Visionless Express - Fernando Meirelles director of Blindness

‘What’s the most challenging thing about making a film about blindness?’ asks Fernando Meirelles, the relentlessly upbeat director of relentlessly downbeat mood-blackeners City of God and The Constant Gardner. ‘Trying to establish relationships between characters. When your characters are sightless, you really can’t rely on looks.’ Based on the novel by Portuguese Nobel Prize winner José Saramago and starring Mark Ruffalo, Julianne Moore and Gael Garcia Bernal, Meirelles’s new film, Blindness, is an apocalyptic fable for our freaked out times, one that imagines the disturbing implications of a society plunged into chaos when (almost) everyone goes inexplicably blind. ‘For me the blindness is a representation of our incapacity to see what is in front of us,’ offers the director by way of explanation – something the American Federation for the Blind failed to pick up on when they protested the US release last month. ‘I really didn’t understand it,’ smiles Meirelles of their beef with the film (apparently the group objected to the portrayal of blind people participating in a violent breakdown of society). ‘They totally missed the point; it’s not about the capacity of blind people adapting to regular life. It’s about humanity. But we checked into this group, actually, and they don’t do anything. They don’t train people; they don’t have a school... it was really just a PR exercise for their organisation.’
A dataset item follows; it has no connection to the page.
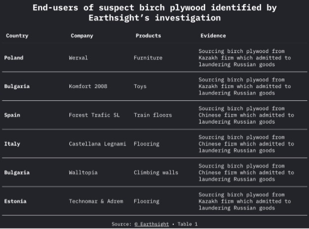 몇몇 EU 기업들은 비밀 녹음을 통해 불법 러시아 자작나무(birch) 합판을 구매했다고 인정했습니다. 여기에는 제조업체에 재판매하는 교역자뿐만 아니라 2024년 파리 올림픽 예선전에 공급한 세계 최대 등반벽 제조업체인 Walltopia와 같은 직접 구매자도 포함됩니다. 다른 고객으로는 에스토니아의 바닥재 공급업체인 Technomar와 Radisson, Hilton, Marriott와 같은 주요 호텔 체인에 바닥재를 공급하는 Adrem이 있습니다. Black Red White에 공급하는 폴란드 가구 공급업체 Werxal, 유럽의 주요 장난감 회사에 공급한다고 주장하는 불가리아의 Komfort, 스페인 도매업체 Forest Trafic, 이탈리아 바닥재 회사 Castellana Legnami가 추가로 연루된 기업입니다. Earthsight는 이들 기업이 고의로 제재를 위반했다는 증거는 없지만, 이번 조사 결과는 공급업체 선정에 더 많은 주의를 기울여야 한다고 지적합니다. Walltopia, Werxal, Black Red White는 Earthsight의 문의에 응답하지 않았습니다. Technomar와 Adrem은 독립적인 감사를 통해 자작나무((birch) 합판이 카자흐스탄과 우크라이나에서 생산되었음을 확인했다며 잘못을 부인하였습니다. Komfort와 Castellana Legnami도 위반 사실을 부인하였으며, Forest Trafic은 스페인 당국과 국제 모니터링 회사인 Bureau Veritas의 실사 시스템을 통하여 검토하였다고 강조하였습니다.

Now 53, Meirelles arguably took a long time to open his own eyes to what was probably always in front of him: a successful film career. Trained as an architect, but falling in love with animation after a brief stint in film school, he started out making crazy gallery installations on a U-Matic video camera, before television beckoned, then commercials. He finally made the move into film at the age of 42, and went global with his third feature, City of God. Released in 2003 it won him breathless comparisons with Scorsese, an Oscar nomination and (comparatively speaking) huge international box-office. ‘I never expected that,’ says Meirelles. ‘I made it for a Brazilian audience, then it got out of control.’ It got things moving with regards to Brazil’s crippling inner city poverty too. ‘It’s getting much, much better everyday,’ Meirelles says. ‘I open the paper now and there is all this good news about the country. That’s a new experience for me.’ Though too modest to say whether he thinks City of God played a direct role in this, he is sure of one thing: ‘Nowadays, middle class people know much more about favelas, drug dealing, crime and the lack of perspective for the young people of Brazil than they did some years ago. Suddenly it is all visible to them.’ You might even say they’ve rediscovered their capacity to see what’s in front of them.